Three City Planning Norms to Ditch
John Yi is the Executive Director of Los Angeles Walks
The Los Angeles civil unrest in 1992 upended so many of the norms for the Korean American community. Having immigrated here to build a life, my parents and their generations found years of labor gone overnight as Koreatown, abandoned by law enforcement, burned. And while we can rebuild homes, set up new businesses, there is one reconstruction that is still under works: the reckoning of our own community’s anti-Blackness. We were both the victims of white oppression but also, at times, a willing instrument in its agenda. It’s uncomfortable to say but it is in that very discomfort where we must lead, take responsibility, and reconcile. I know many Korean Americans who’ve been having tough conversations with their parents. Many of these conversations are about privilege, race, immigration, and the rehashing often suppressed memories of the civil unrest and its aftermath.

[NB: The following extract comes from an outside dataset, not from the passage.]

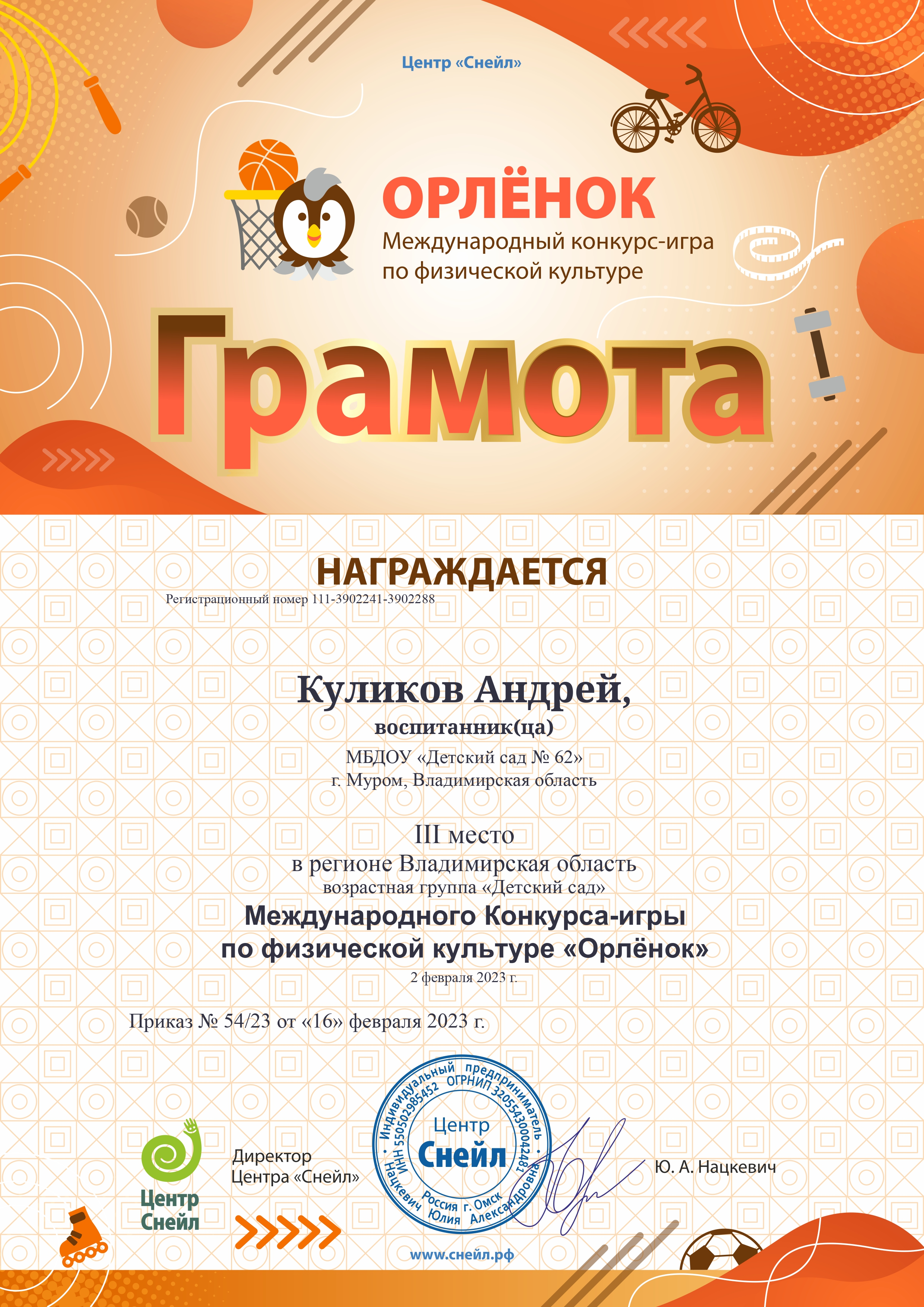 участие в Международном Конкурсе - игре по физической культуре «Орлёнок»,
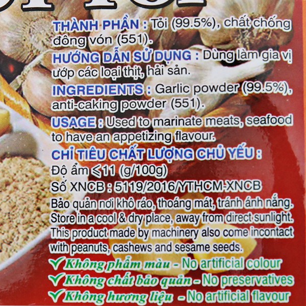 *** Bột tỏi : tạo mùi thơm, tạo mùi đặc trưng ( không nên làm tỏi tươi lạp xưởng sẽ bị chua )

And just like how there is still work to be done in my own community, this moment is showing the country how invasiveness anti-Blackness is in so many of our other seemingly mundane institutions, traditions, and laws. City planning and transportation are no exception to this. Within this world are many well-meaning people — including myself — working with a real desire to effectuate social justice and racial equity into our cities. However, in Los Angeles if we’re failing to house our most vulnerable, prevent historic communities from being erased, and if public spaces are still deadly places for our Black neighbors to exist, are we truly building the City we want?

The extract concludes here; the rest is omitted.